Earlier this month, local police, backed by Interpol, fanned out across the Philippines, busting nearly 60 people allegedly connected to cyber “sextortion” syndicates. These groups, investigators say, tricked thousands of victims on at least four continents into participating in sexually explicit online videos and chats, only to then demand money from them to keep the material secret.
It was a crime nearly a century from being invented when the first International Criminal Police Congress gathered in Monaco in the spring of 1914, for a meeting that would ultimately result in the creation of the International Criminal Police Organization, more commonly known as Interpol (the organization traces its lineage to the conference, though Interpol itself wasn't established until 1923). At the time, European nations wanted to collaborate against anarchists and terrorists who were supposedly plotting the overthrow of the political order across the continent. Nowadays, Interpol has 190 member states and a much broader cast of shadowy transnational criminals to combat—from pharmaceutical counterfeiters to football-match fixers to a modern generation of terrorists.
The Philippines bust is just one high-profile case that Interpol has been involved in recently. From flagging stolen passports used on the missing Malaysia Airlines flight to offering help in locating the kidnapped Nigerian schoolgirls, the organization keeps popping up in the world’s most prominent investigations. All of which raises the question: What exactly has Interpol become, 100 years since it was set in motion? And is its model of international policing succeeding against today’s international criminals?
International policing predated the first modern attempts to forge an international government, reversing the standard state-level order of government first, then police. Interpol arose not as an arm of the United Nations, which wouldn’t be founded for another three decades, but through “a practical arrangement” between local police themselves, says Mathieu Deflem, a sociology professor at the University of South Carolina who has written widely on Interpol.
The result, Deflem told me by email, was “a network of police from different nations, a collaborative organization.” Rather than creating a new breed of cop with a global beat and a responsibility for international law enforcement, Interpol established a mechanism for helping local police do their local jobs. As the anthropologist Meg Stalcup wrote last year in a fascinating history of the organization, “Interpol was not designed to act as a scaled-up version of local policing.”
In fact, the popular image of Interpol as a global police force chasing down jet-setting rogues with stacks of fake passports is a myth. Interpol officers do not bust down doors to apprehend dashing art thieves. There isn’t any such thing as an Interpol officer, and the people who work for Interpol can’t conduct investigations or make arrests. In the case of the sextortion rings, for example, Filipino cops were the ones hauling off the alleged cyberperps; Interpol just helped them know where to look for the suspects.
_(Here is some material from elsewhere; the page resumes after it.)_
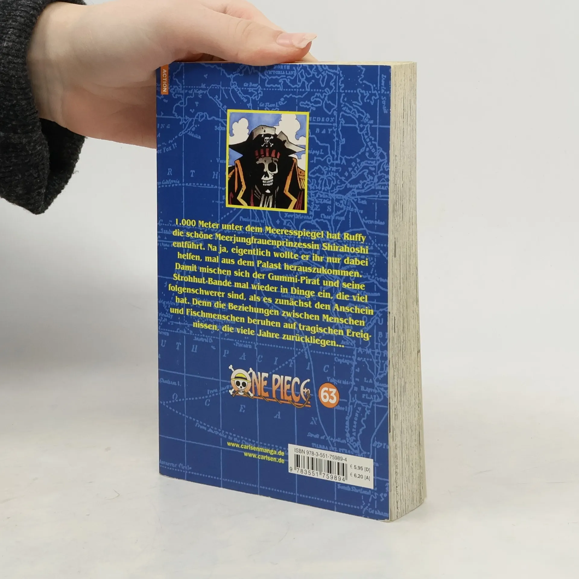 Der beliebteste Manga der Welt! Erlebe die Geschichte des zukünftigen Königs der Piraten in einer unvergleichlichen Geschichte voller Action, Abenteuer, Dramatik, Freundschaft und Humor. Mit über 500 Millionen verkauften Bänden weltweit ist One Piece die meistverkaufte Mangaserie der Geschichte! Das Abenteuer auf der Fischmenscheninsel geht weiter! 1.000 Meter unter dem Meeresspiegel hat Ruffy die schöne Meerjungfrauenprinzessin Shirahoshi entführt. Na ja, eigentlich wollte er ihr nur dabei helfen, mal aus dem Palast herauszukommen, der ihr zum Gefängnis geworden ist. Damit mischen sich der Gummi-Pirat und seine Strohhut-Bande mal wieder in Dinge ein, die viel folgenschwerer sind, als es zunächst den Anschein hat. Denn die Beziehungen zwischen Menschen und Fischmenschen beruhen auf tragischen Ereignissen, die viele Jahre zurückliegen. Und sie haben auf beiden Seiten Wunden geschlagen, die nicht so leicht zu heilen sind… Für Fans von Naruto, Dragon Ball, My Hero Academia und Fairy Tail!

Interpol’s key role in that operation, as in others, was as an information clearinghouse. The organization, which is based in Lyon, France, performs this function both by maintaining international criminal databases and facilitating contacts among officers from different national police forces—tasks that have been greatly refined in recent years with advances in communications technology. Whereas Interpol’s big innovation of 1935 was an international radio network for police, today it has “I-24/7,” a secure communications network described as “a bit like a private Internet just for police.” This year, the organization will open a Global Complex for Innovation in Singapore as an R&D headquarters for combating cybercrime. At the lower-tech level, annual general-assembly meetings convene delegates from member countries to vote on policies and resources. Interpol’s National Central Bureaus in each member country serve as contact points among them, with actual law enforcement performed by the relevant national institutions.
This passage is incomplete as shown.